In two weeks, I will no longer be the social media coordinator for the Boston Uprising.
One week ago, that’s not a sentence I fathomed I’d be writing until at least after the end of the 2021 Overwatch League season. But on Friday, I saw a job posting that was simply too perfect to pass up. I would have been crazy not to apply.
Esports? Check. Social media? Check. Back home in Ohio so I can be closer to my family, friends and girlfriend? Now you’ve really got my attention.
So while I’m heartbroken to be leaving the Uprising so soon, I’m also ecstatic to begin the next step of my career as the digital and social media manager for Esports Engine, an incredible esports event production company in Columbus, Ohio, founded by many of the same people who made MLG a household name over the previous two decades. I can’t wait to start working alongside esports GOATs, creating live events across titles.
Esports Engine was a company I kept an eye on from its inception, and I got a taste of what they could do at the New York Excelsior homestand in February 2020. Anyone who was there will tell you the atmosphere was electric. Yes, chalk some of that up to fans, but chalk some of it up to the people who make it happen. There are so many moving parts to live events – more than even I realize, I’m certain – and Esports Engine helped make NYXL’s homestand a smashing success. From then, I was sold. Now, I get to help with that in even some small way. Unreal.
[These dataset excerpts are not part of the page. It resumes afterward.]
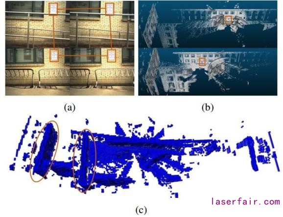 2) 激光雷達(dá)數(shù)據(jù)被用來排除無效的圖像匹配,進(jìn)一步加強(qiáng)了方案的可靠性。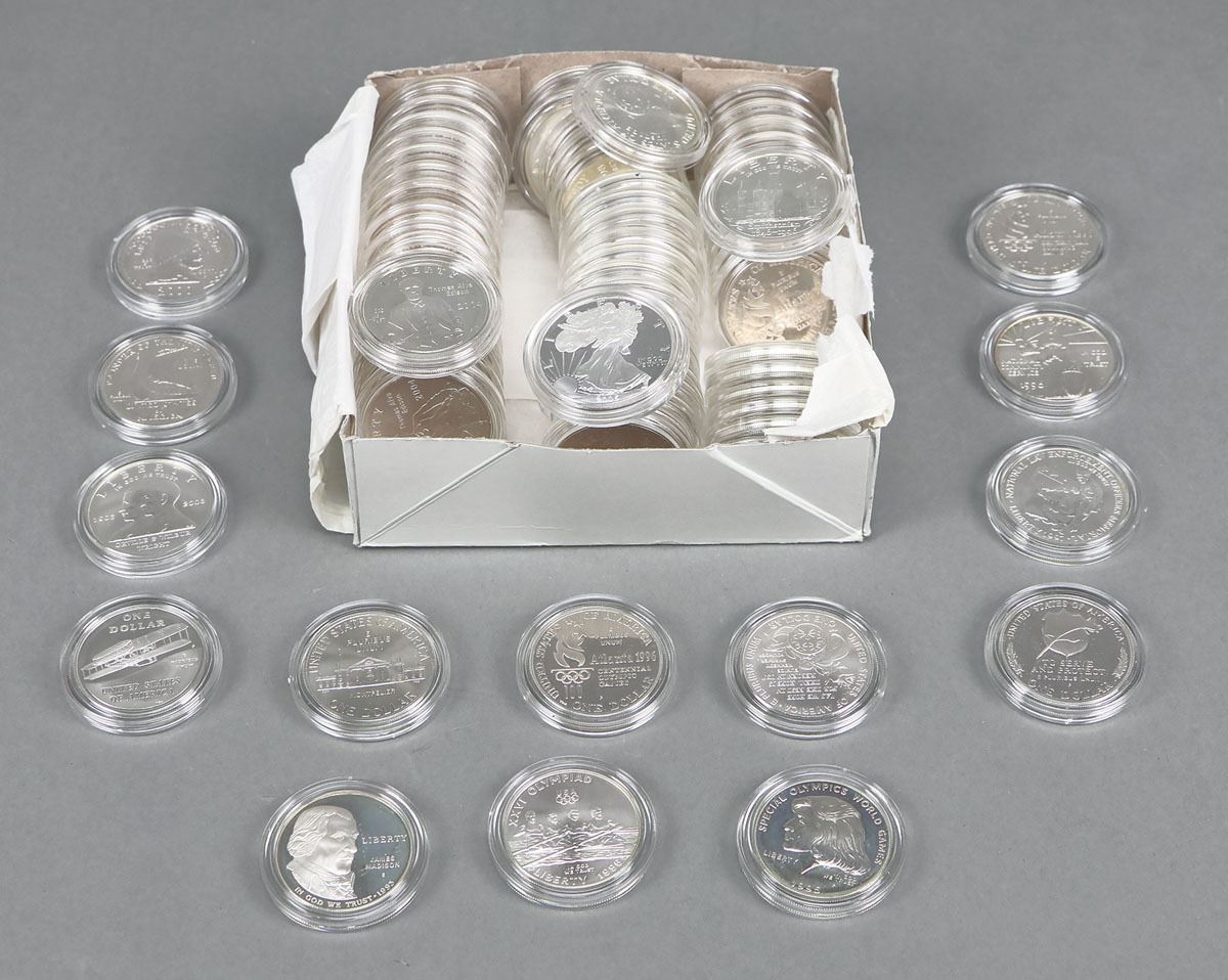69 in total, the majority of issues represented by a proof and an uncirculated example of each type, all in original plastic holders and in superb Uncirculated or Proof Condition; each coin has .7734 ounces of silver for a total of over 50 ounces (69). Shipping charges apply - weight 5.8 lbs. (photo on web site)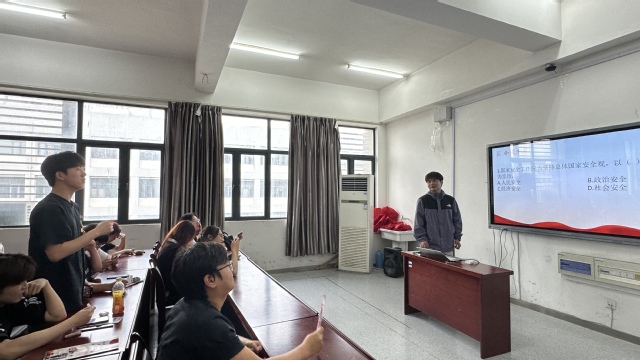 活动伊始,王雨豪首先介绍了“国家安全”的概念、“国家安全”所包含的领域,紧接着从经济安全、军事安全、网络安全等方面,以丰富的案例展示及小问答,向同学们介绍国家安全基本知识。随后,思政委员宋瑞组织同学们开展以国家安全知识为主题的“谁是卧底”小游戏,同学们热情高涨,积极参与,活动取得了良好的效果。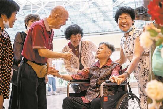 坐在轮椅上的林玉招接受亲戚的祝福 |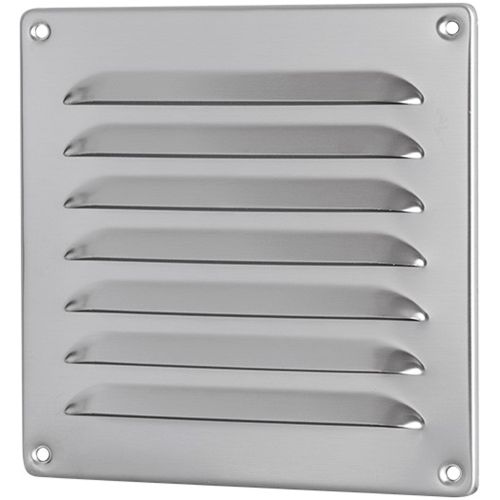 RVS vierkant schoepenrooster van 195 x 195 mm, vervaardigd van RVS304 met een mat geborsteld oppervlak. Dit ventilatierooster is voorzien van een verticale rij lamellen en een omgezette rand. Het rooster is geschikt voor toevoer en afvoer van lucht in combinatie met natuurlijke ventilatie en dus ongeschikt voor mechanische ventilatie, afzuigkappen en wasdrogers. In de hoeken zitten verzonken gaatjes met een diameter van 4 mm, waardoor je het rooster met schroeven kunt vastzetten, deze worden niet meegeleverd.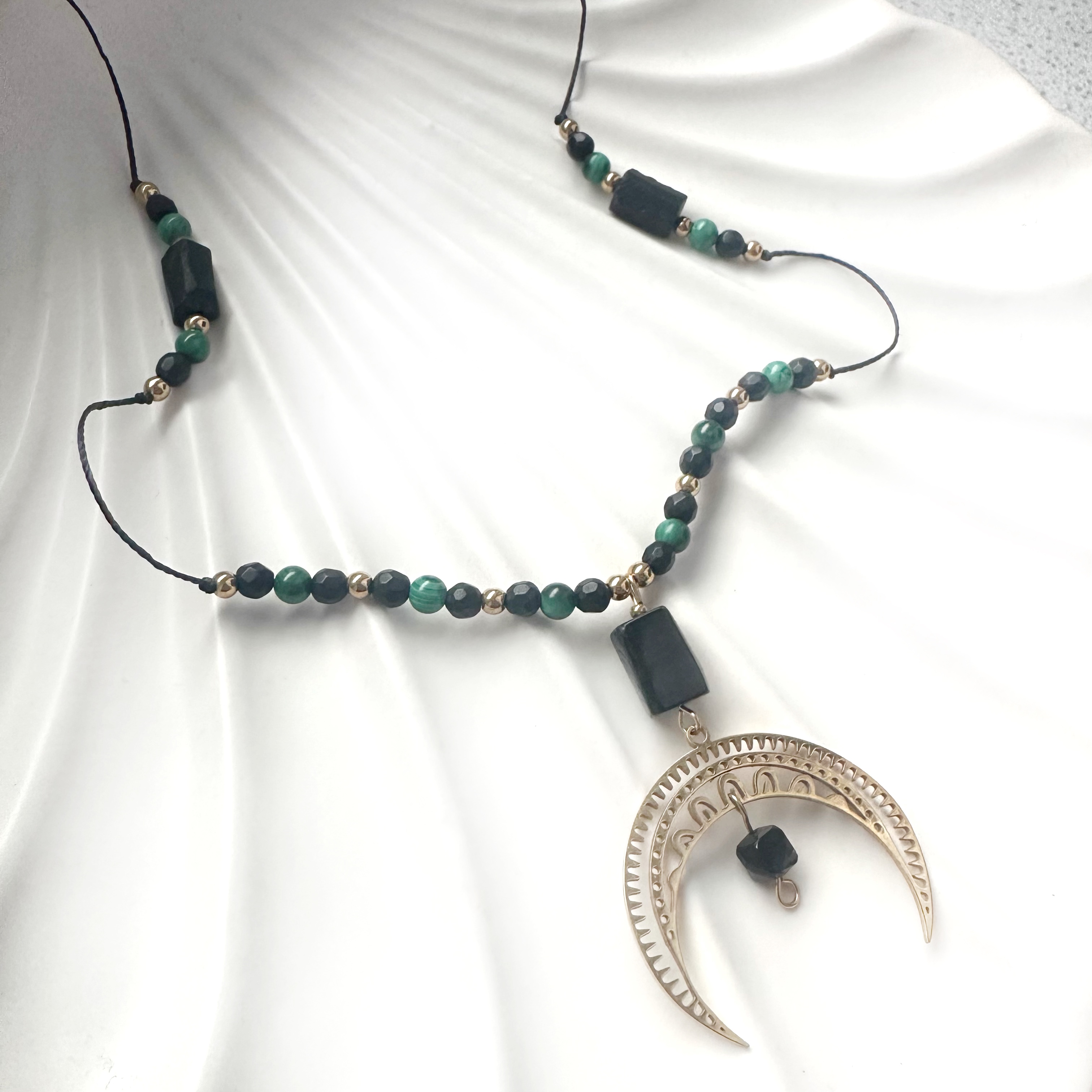Ten wyjątkowy naszyjnik mocy łączy starożytną symbolikę lunuli z potężnym działaniem kamieni ochronnych i transformujących. To biżuteria dla kobiet świadomych swojej siły, intuicji i wewnętrznej mądrości.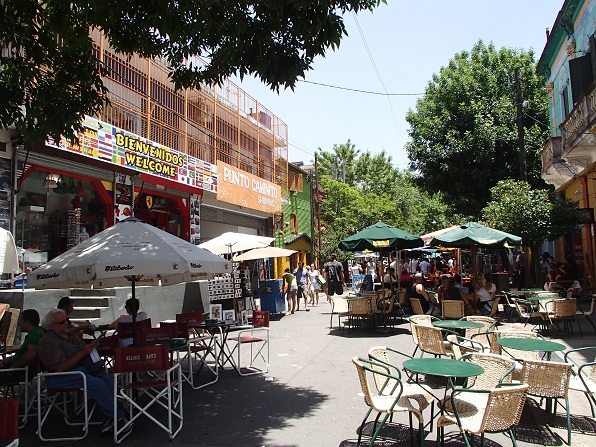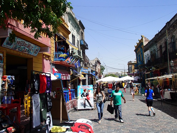 観光っぽい通りは中心から伸びる3本の道。それぞれ100mくらいかな。1本は両側にレストランが立ち並ぶ。レストランの前には小さいステージがありタンゴを踊っていたり、楽器を演奏したり、歌を歌ったりしている。どのお店を選んでも目の前でショーを見ることができる。お店に入らずに歩いているだけでも見れるけど食事するくらいで目の前でしっかり見れるなら食事していったほうがいい。1本はお土産物屋が並ぶ。いくつかお店を覗いてみたがやっぱりどうしてもこれを買いたいというものはない。あちこち旅に行っているうちに目が肥えてしまったのかな。もう1本は絵描きさんが絵を売っている静かな通り。絵が好きな人はいいかもしれない。「絵の写真は撮らないで」と張り紙あり。街はマラドーナの故郷らしくところどころにマラドーナの人形が飾ってあったりする。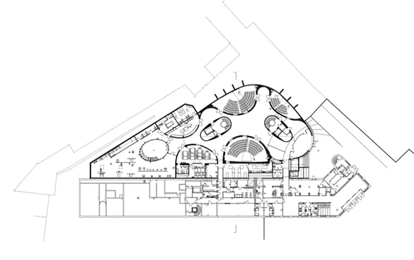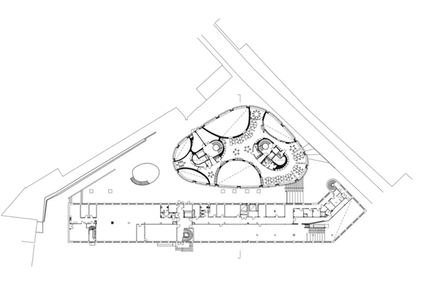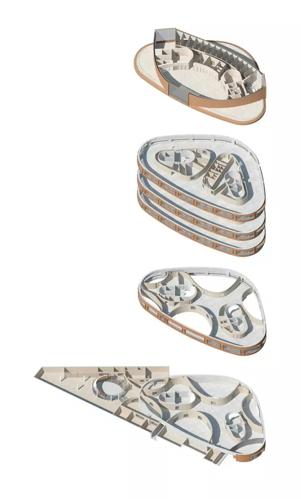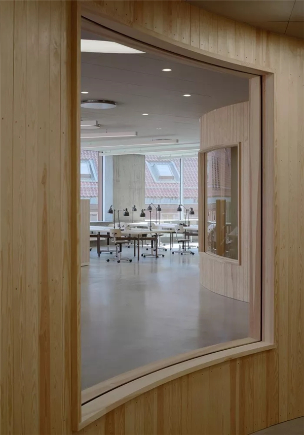 室内设计贴合要求且十分灵活。弧形墙面创造了一个自由流动的连续空间,营造了开放性的氛围。景观和路径穿过结构得以延伸,使其空间感更类似于景观而不是传统学院建筑。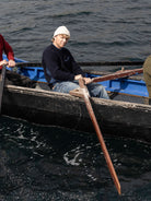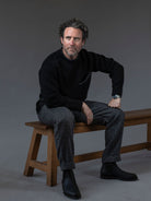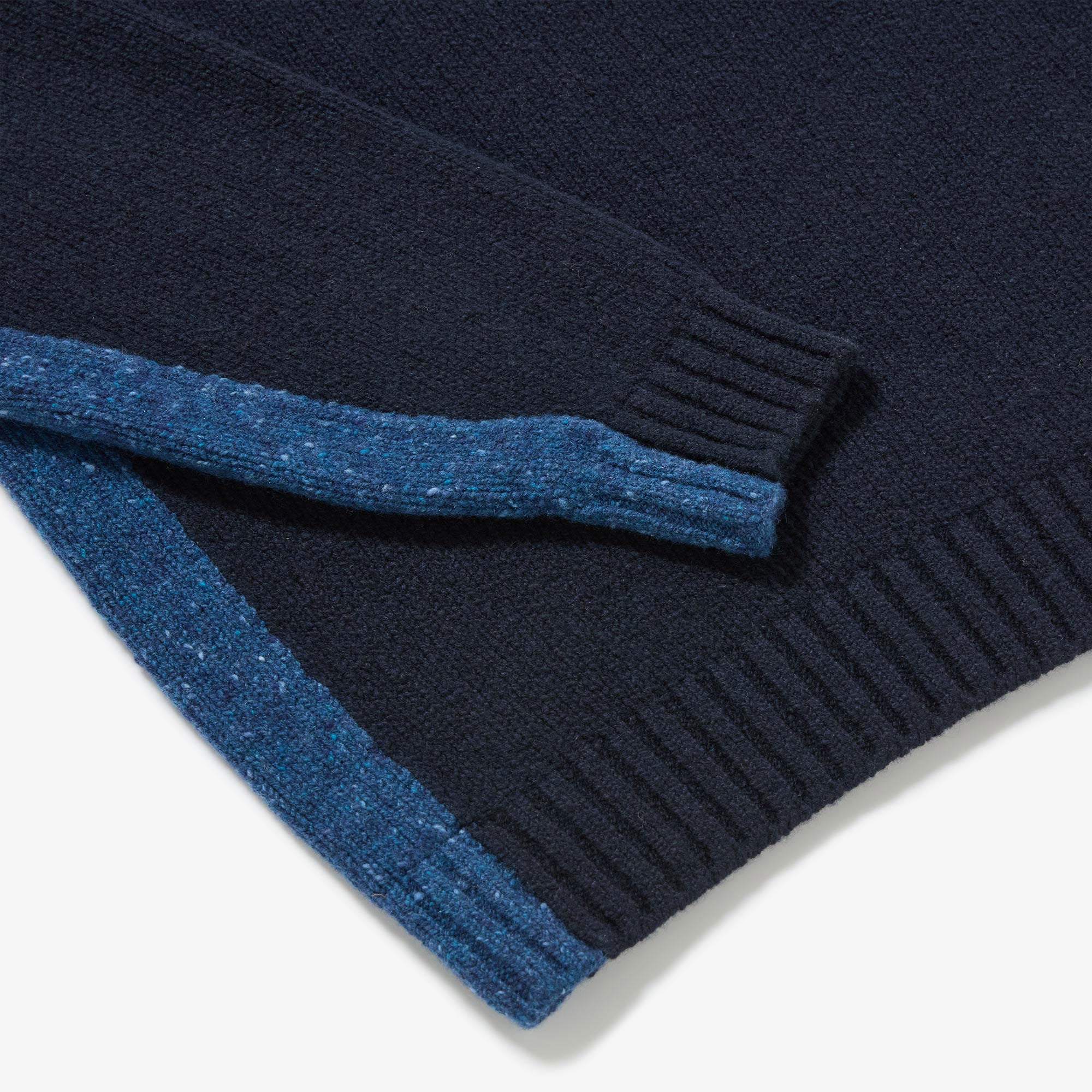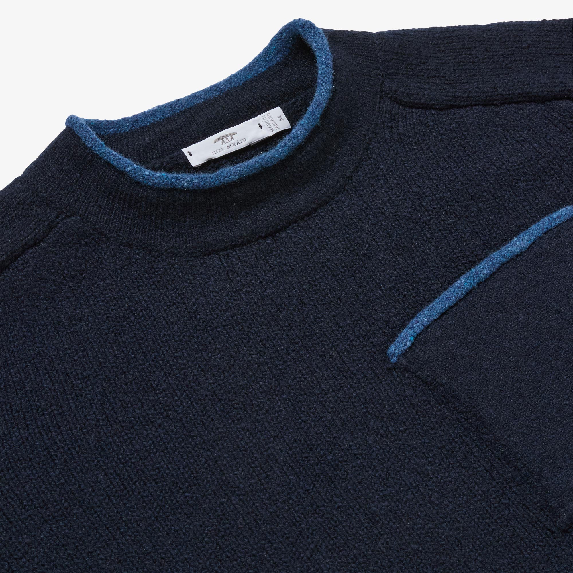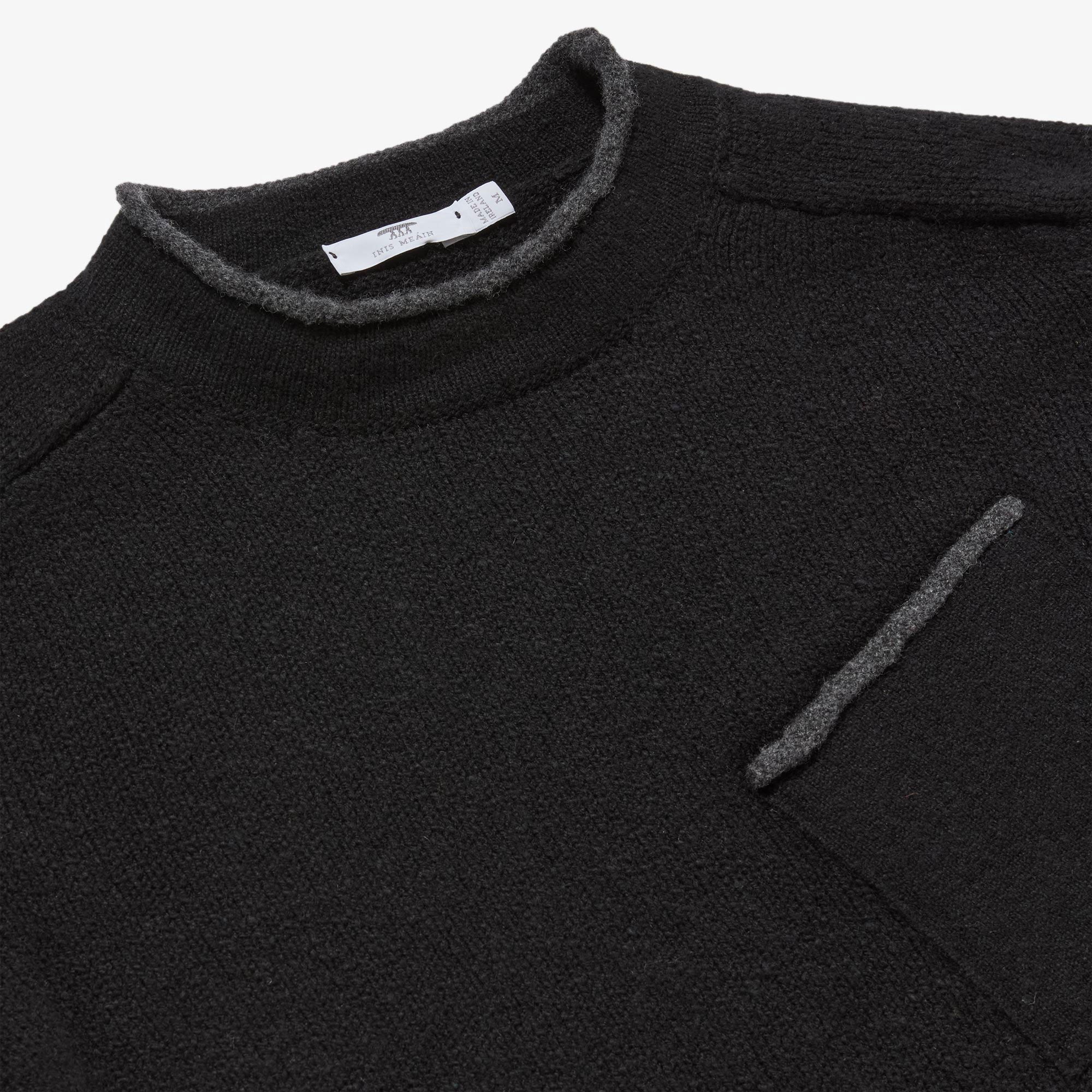 Available in Black Mix, a classic black lightened with a deep grey underarm, neck and pocket trim, and Navy Mix, a warm navy with blue flecked trims. Designed, made and hand-finished in our Aran Islands workshop.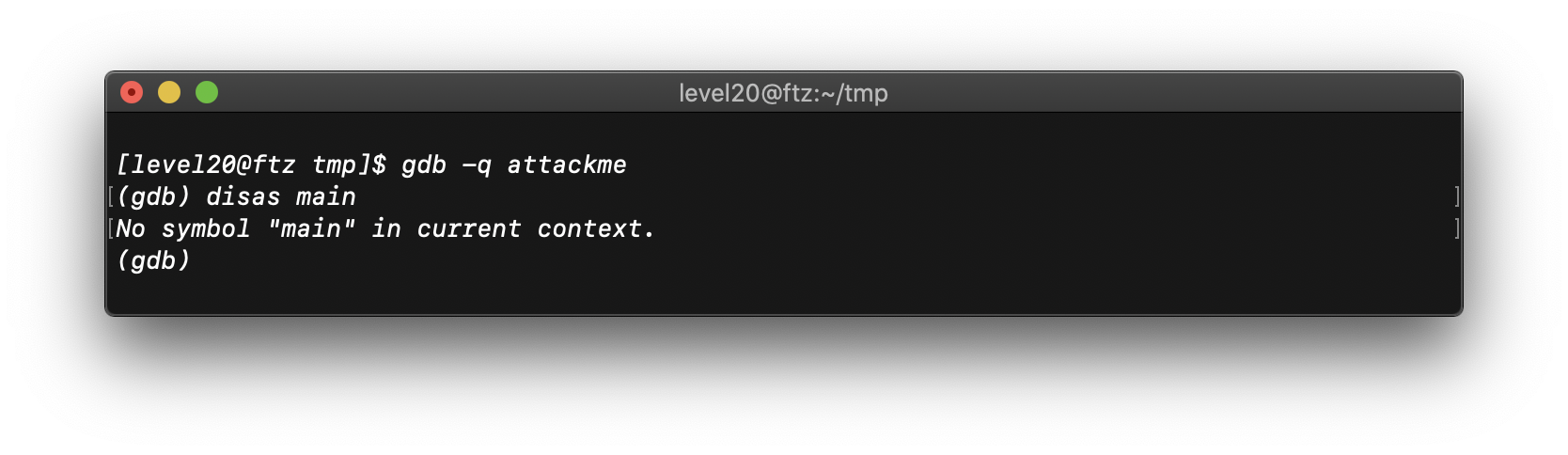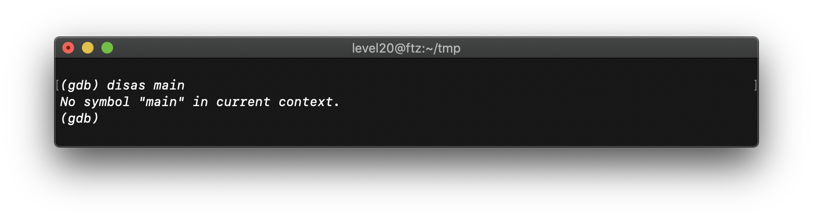 main 함수 부분의 symbol 이 날라가서 gdb로 분석을 할 수 없다.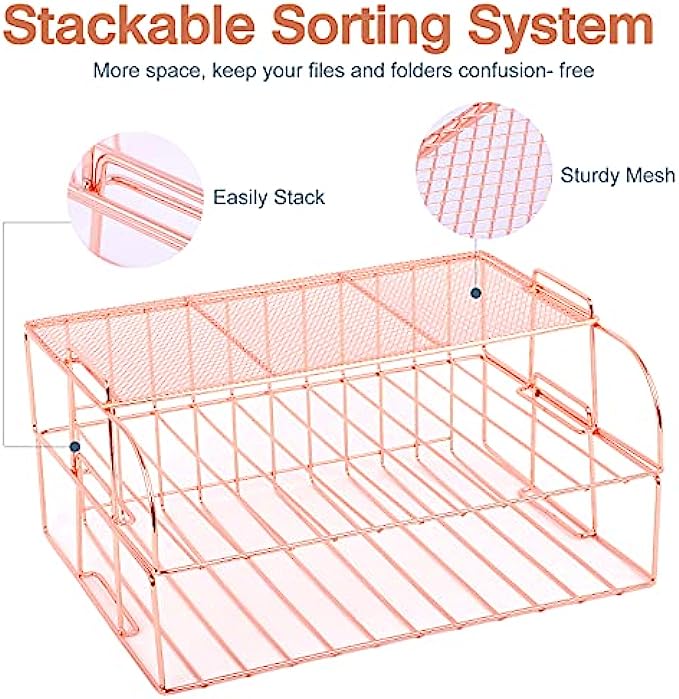 • ▶Aesthetic Design- Stylish rectangle shape with linear wire design, round edging along top rim prevents scratches. Smooth metal streamlines and rounded angles design protect your desktop from scratch. Stackable capabilities increase and utilize vertically-stored space to maximize your desktop workspace.

This transition is the truest definition of bittersweet for me. I’ve put 110% into the Uprising over the past 1.5 seasons, and I hope that shows through what the content team and I have been able to accomplish. I couldn’t be more proud of the work we’ve done, and I cannot wait to see what the rest of the team does this season. I know I’m biased, but I think the Uprising had one of the best social media presences in the OWL during the 2020 season, despite all the in-game losses. Since then, we’ve hands-down produced the best content of any Western team throughout the offseason.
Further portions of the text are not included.